Encoding Stimulus Properties: Frequency coding is often used to encode properties like the intensity of a stimulus, not the specific timing of individual spikes. For instance, a loud sound may result in a higher rate of neuron firing than a soft sound. This allows the brain to interpret the strength or magnitude of external stimuli based on how frequently neurons are activated.
~ In summary, frequency coding is a mechanism where the rate at which neurons fire conveys information about the intensity or magnitude of stimuli, helping the brain interpret different sensory inputs efficiently.
Describe the structure and function of the muscle spindle.
They monitor muscle length and rate of change of muscle length - they control reflexes and voluntary movements.
Structure of the Muscle Spindle:
Capsule:
- The muscle spindle is enclosed in a connective tissue capsule, which helps protect and contain the sensory components.
- Intrafusal Muscle Fibers: Inside the capsule, there are specialized muscle fibers called intrafusal fibers. These fibers are different from the regular muscle fibers (called extrafusal fibers) that make up the bulk of the muscle. Intrafusal fibers are smaller and do not generate significant force during muscle contraction. There are two main types of intrafusal fibers:
- Nuclear bag fibers: These have a central region with a cluster of nuclei and are sensitive to changes in muscle length (static sensitivity) and the speed of those changes (dynamic sensitivity).

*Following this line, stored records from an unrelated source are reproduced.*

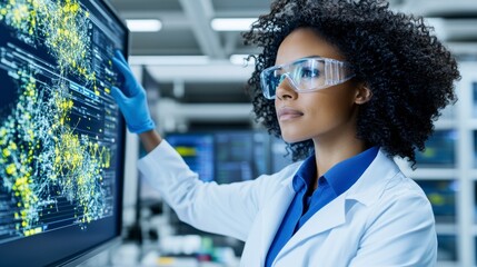 Focused female scientist in lab coat examines complex data on a large computer screen. She wears safety glasses and gloves, intently studying the yellow and blue digital display.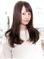 透明感のある極ゆるナチュラルセミロング。毛先は少し曲げるだけで巻きすぎない方が大人っぽい。ルーズに揺れる髪がラフ感を出し、前髪は少し肌を見せて透け感を作る。カラーは透明感のでるベージュ系でやわらかい印象にしました。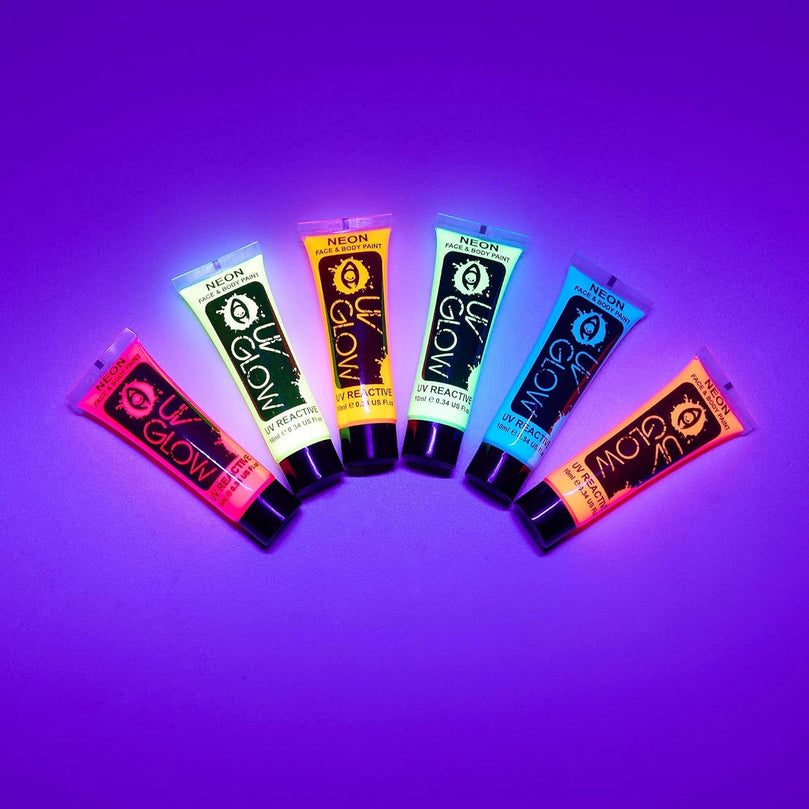 HELPING YOU GLOW - Always popular, and great for so many occasions, the UV Glow range offers great value and incredible colour with its Neon UV paints for face, body and fabric, especially for you. Grab yours now and light up your life!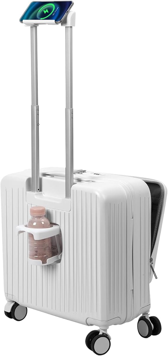 18 Inch Front Opening Luggage, Hard Shell Suitcase with Cup Holder, Phone Holder & USB Charging Port, Carry on Suitcases with Wheels for Travel White

- Nuclear chain fibers: These fibers have a more uniform distribution of nuclei along their length and primarily respond to changes in muscle length.
- Sensory Endings:
- Primary (annulospiral) endings: These are wrapped around the central region of the nuclear bag and nuclear chain fibers. They are sensitive to both the length of the muscle and the rate of change in length (dynamic response). These endings are involved in detecting rapid changes in muscle stretch.

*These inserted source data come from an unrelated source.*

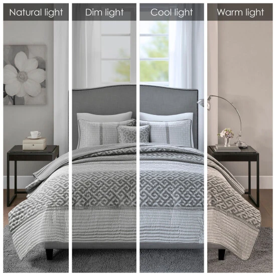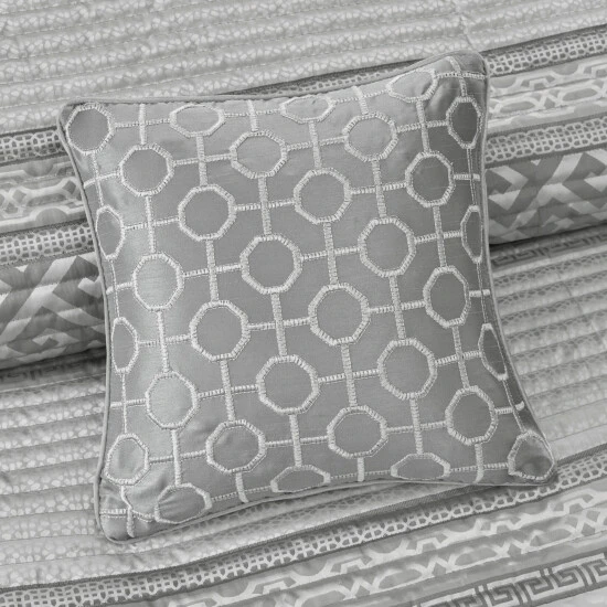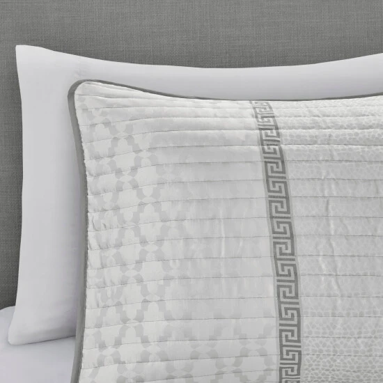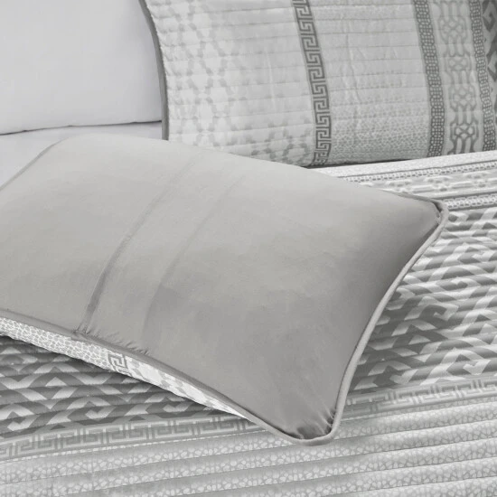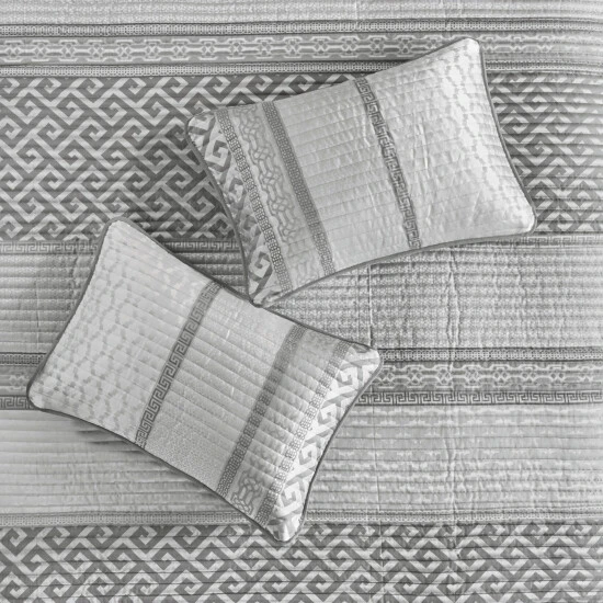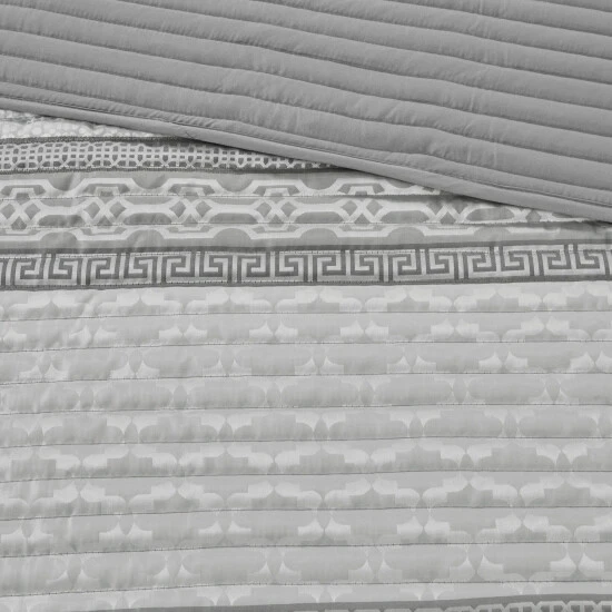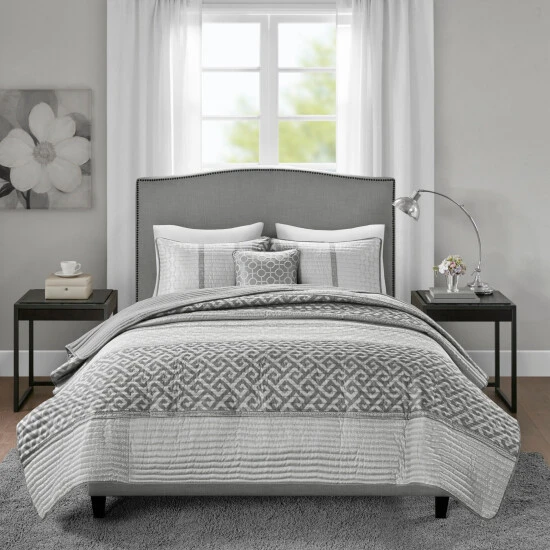 The Madison Park Christian 4 Piece Reversible Jacquard Coverlet Set provides an elegant and luxurious update for your bedroom. This jacquard reversible coverlet features a navy and grey striped design with several geometric prints to create an updated traditional look. The solid reverse complements the top of the bed, while 2 matching shams mirror the design of the coverlet creating a sharp coordinated look. Also included is a square decorative pillow provides the finishing touch to the jacquard quilt cover set. Machine washable for easy care, this reversible coverlet set brings a refined traditional allure to your bedroom that’s perfect for summer or as an added layer in the winter. Items in the set may come in a rolled or compressed packaging, which will need to be fluffed up or steam ironed before use to remove wrinkles.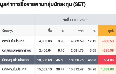 Sinthorn Summary 11/7/2567 : ต่างชาติขายสุทธิ -584.06 ลบ.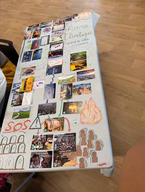 Cet atelier pédagogique participatif, animé par six fresqueurs, avait pour objectif de sensibiliser les étudiants aux enjeux climatiques et de les engager dans une réflexion collective sur les leviers d’action face aux transitions environnementales et sociétales.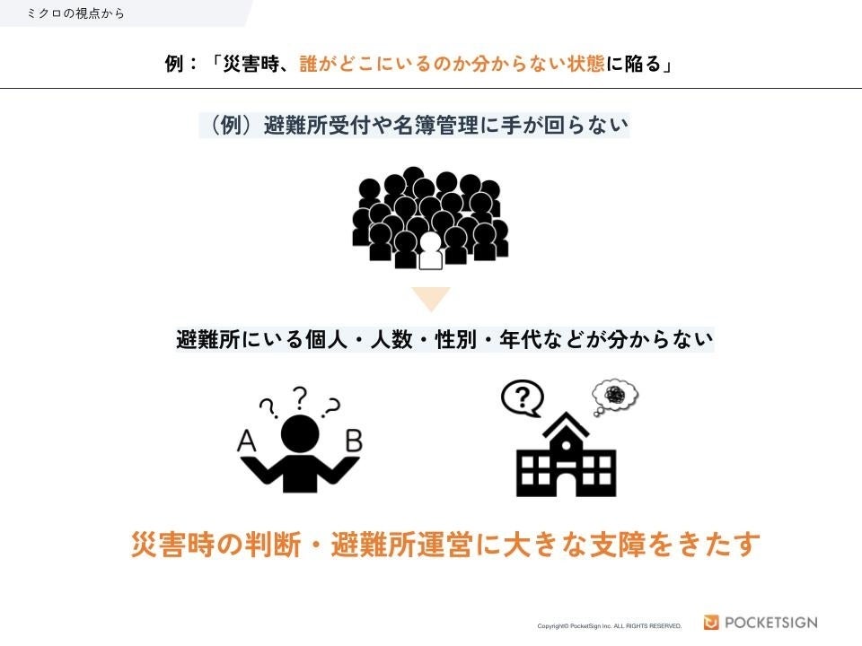 ・災害時の最も典型的な課題として、誰がどこにいるのか分からなくなってしまう、という事態が挙げられます。こういった避難者の安否確認のほか、被災者生活の再建支援のなかでも、避難者と行政とのやり取りが多く発生し、職員と避難者の双方に大きな負荷・負担がかかります。

- Secondary (flower-spray) endings: These are located primarily on the ends of the nuclear chain fibers. They are mainly sensitive to muscle length and provide information about the static position of the muscle, meaning how much the muscle is stretched but not necessarily how quickly it’s changing.
- Gamma Motor Neurons: The intrafusal fibers are innervated by gamma motor neurons, which adjust the sensitivity of the spindle by causing the intrafusal fibers to contract slightly. This keeps the spindle responsive to changes in muscle length, even when the muscle is actively contracted.

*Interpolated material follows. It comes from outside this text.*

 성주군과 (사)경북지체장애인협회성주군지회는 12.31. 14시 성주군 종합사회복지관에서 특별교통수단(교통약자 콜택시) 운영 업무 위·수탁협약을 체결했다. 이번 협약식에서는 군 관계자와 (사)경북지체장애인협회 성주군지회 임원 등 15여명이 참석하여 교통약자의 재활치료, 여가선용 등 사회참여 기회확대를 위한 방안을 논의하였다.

Explain the mechanisms of efferent control of spindle function.
- Gamma motor neurons (dynamic and static) control the tension of the intrafusal fibers within the muscle spindle.
- This control ensures that the spindle remains sensitive to muscle length changes, even when the muscle is contracting or in use.
- The interaction between alpha motor neurons (which control the extrafusal fibers) and gamma motor neurons (which control the intrafusal fibers) through alpha-gamma coactivation is crucial for maintaining accurate proprioceptive feedback and effective muscle reflexes.
Describe the role and mechanism of action of the Golgi tendon organ.
- The Golgi tendon organ is a sensory receptor located in the tendon that monitors the tension exerted by muscle contraction.
- It sends signals to the CNS when excessive force or tension is detected.
- Through a disynaptic reflex arc and autogenic inhibition, the GTO helps to prevent muscle injury by inhibiting excessive muscle contraction.
- This feedback mechanism contributes to muscle safety, postural control, and fine motor coordination, ensuring that muscles do not produce forces that could damage the muscle-tendon unit.